**ABOUT THIS TASK:** When you reach the line with "認知症サポーター養成講座" in the records below, begin transcribing exactly and continue up to and including the line with "Figura 2. Arte", leaving out every picture.

**DATASET RECORDS:**
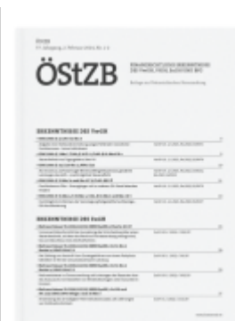
ÖstZB Zeitschrift - Jahres-Abonnement (24 Hefte) Ladenpreis: 0,00EUR
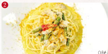
2 〇卵 〇乳製品 〇小麦 〇落花生 〇そば 〇エビ 〇カニ アサリとアスパラのベベロンチーノ カラスミかけ
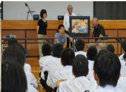
認知症サポーター養成講座
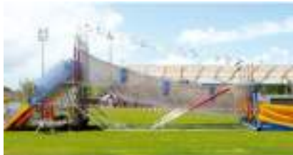
PARCOURS KIDS AVENTURE ESCALADE ET TYROLIENNE
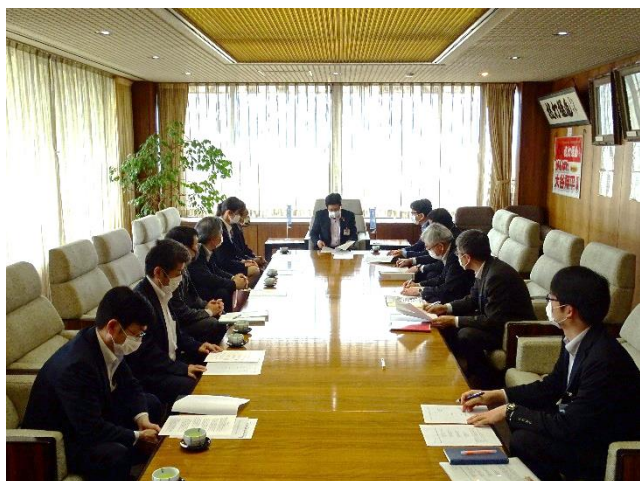
奥州市へのタクシー要請
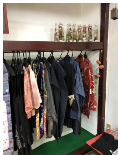
和服をアレンジした服
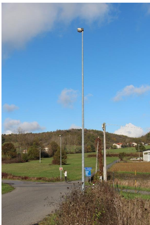
Figura 5 – Via Strada Vecchia – Tratto con armature tipo stradale oggetto di sostituzione.
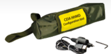
携帯型金属探知器設定ツール
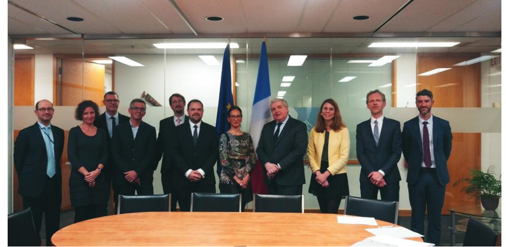
Foto 2: Ceremonia en el Consulado de Francia en Vancouver, Canadá. Participantes de la Agencia Francesa para la Conservación de la Biodiversidad, Ministerio de Transición Ecológica, personal del Consulado.

Durante la ceremonia participaron representantes de la Agencia Francesa para la Conservación de la Biodiversidad, Ministerio de Transición Ecológica y representantes de los territorios franceses.
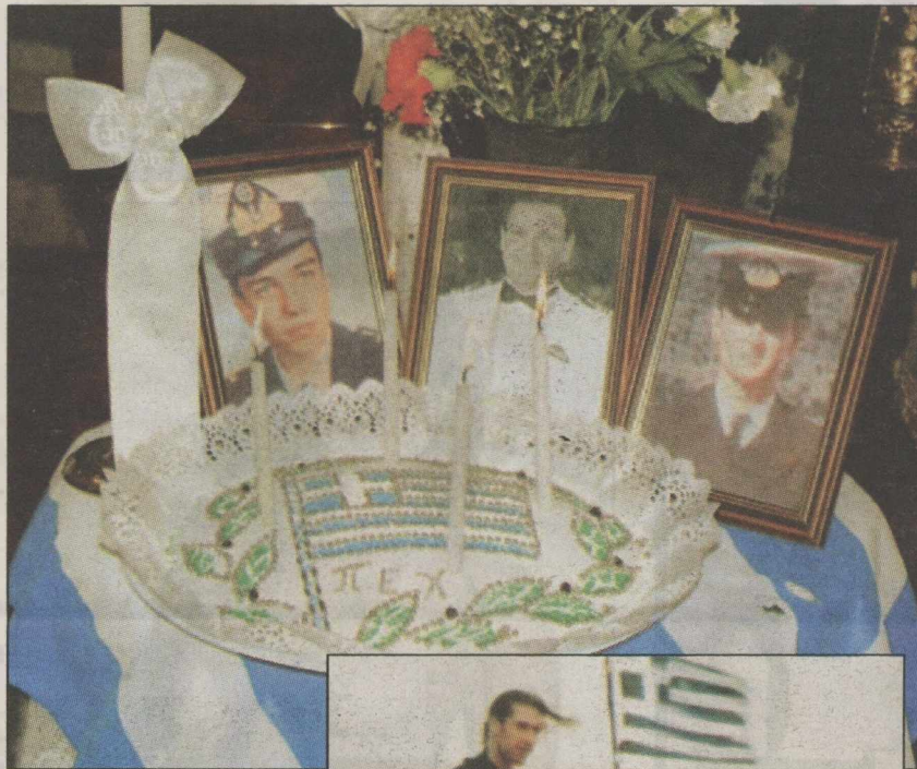
Η αρχή της κρίσης στα Ιμια, με τους Τούρκους να κατεβάζουν την ελληνική σημαία (αριστερά). Φωτογραφία από μνημόσυνο των πεσόντων στα Ιμια (πάνω).
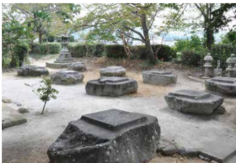
本薬師寺跡 金堂跡の礎石
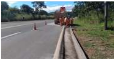
5.299 m de reparo em drenagens
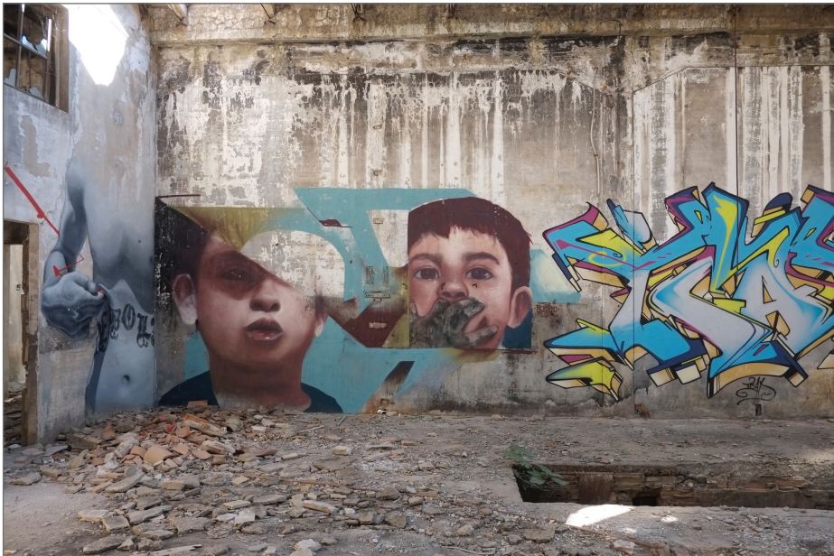
Figura 2. Arte urbano y grafiti en la Fundición La Cruz (Linares).

en los revestimientos que se encuentran en la intemperie. Otra de las alteraciones más usuales se debe a la ejecución de obras sobre morteros de cemento, ya que al colocar capas que no permiten que el muro respire se producen desprendimientos y la aparición de eflorescencias. Como ejemplo de las obras catalogadas se pueden citar las de la fundición La Cruz de Linares (Fig. 1 y 2), a las que haremos referencia más adelante, las cuales presentan un estado variable de conservación pero que, en general, sufren desprendimientos en diversos puntos por el mal estado de los soportes, así como colonización biológica de diversa tipología y entidad y depósitos.

**EXERCISE ANSWER:**
認知症サポーター養成講座
PARCOURS KIDS AVENTURE ESCALADE ET TYROLIENNE
奥州市へのタクシー要請
和服をアレンジした服
Figura 5 – Via Strada Vecchia – Tratto con armature tipo stradale oggetto di sostituzione.
携帯型金属探知器設定ツール
Foto 2: Ceremonia en el Consulado de Francia en Vancouver, Canadá. Participantes de la Agencia Francesa para la Conservación de la Biodiversidad, Ministerio de Transición Ecológica, personal del Consulado.

Durante la ceremonia participaron representantes de la Agencia Francesa para la Conservación de la Biodiversidad, Ministerio de Transición Ecológica y representantes de los territorios franceses.
Η αρχή της κρίσης στα Ιμια, με τους Τούρκους να κατεβάζουν την ελληνική σημαία (αριστερά). Φωτογραφία από μνημόσυνο των πεσόντων στα Ιμια (πάνω).
本薬師寺跡 金堂跡の礎石
5.299 m de reparo em drenagens
Figura 2. Arte urbano y grafiti en la Fundición La Cruz (Linares).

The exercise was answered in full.